Web search at the BBC: Part 7 - Shake and crawl
I have been writing a series of posts looking at what I remember of the development of the BBC's web search service, which was recently closed. The service was not always well received internally, and it was certainly unpopular in some quarters outside of the BBC.
During the time that the BBC offered web search it used four different technology partners. The initial contract was with Google, and they were replaced as search provider by Inktomi. Inktomi were subsequently purchased by Yahoo!, and in recent years the BBC had been using results from Microsoft's Live Search.

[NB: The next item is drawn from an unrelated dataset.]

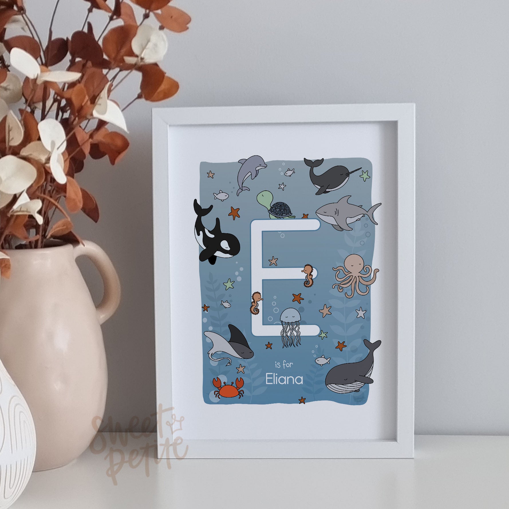 This ocean themed initial print is perfect for lovers of the beach, the ocean and sea creatures. The initial of your child's name is surrounded by a whale, dolphin, octopus, turtle, jellyfish, crab, orca / killer whale, narwhal, shark, stingray, many starfish and even a couple of seahorses!

The BBC did for a while have a crawler out on the Internet calling itself 'BBCi Searchbot', but this was not a serious attempt to build the BBC's own web index. Instead, this was part of an early warning system to warn editorial staff if one of the externally recommended websites had began to generate a 404 error, or had changed significantly.
The move from Google to Inktomi was controversial - as Pandia reported at the time:
"Last year the British BBC launched their own publicly owned search engine based on the Google database. As reported on Webmaster World, they have now switched to Inktomi based search results. It is not clear why they have done this. The move will certainly make the BBC search engine a less attractive alternative. "
Coping with the 'Google Dance'
As part of the switch to Inktomi, they also provided the crawl and dataset for the BBC's site search. For a while the BBC had been using a sub-set of Google's UK index to provide site search, which showed up some of the weaknesses of Google's product at that time.
By switching to Google from Muscat, we thought that all our site search miseries would be over, but it just exposed a different set of problems. It revealed that the Google crawl of bbc.co.uk, one of the biggest websites in the UK, was not as deep as people expected. It also showed that the index wasn't always fresh.
At that stage in SEO circles there was a phenomena known as 'the Google dance'. This was when a new version of the Google index was pushed out to various data centres. It meant that you could be searching for keyword 'x', and get different sets of results depending on which set of Google machines were serving your results. Each update was christened, hurricane style, after names that steadily progressed through the alphabet.
The index updated around every 30 days. This was absolutely no good as a site search if you'd just launched a programme related site the day after the Google index had refreshed. Especially if it was for a programme that was going to transmit in the next couple of weeks. It meant your content would not appear on bbc.co.uk results until after the show had been and gone - and there was no iPlayer catch-up in those days. The unmissable was totally missable as far as site search was concerned.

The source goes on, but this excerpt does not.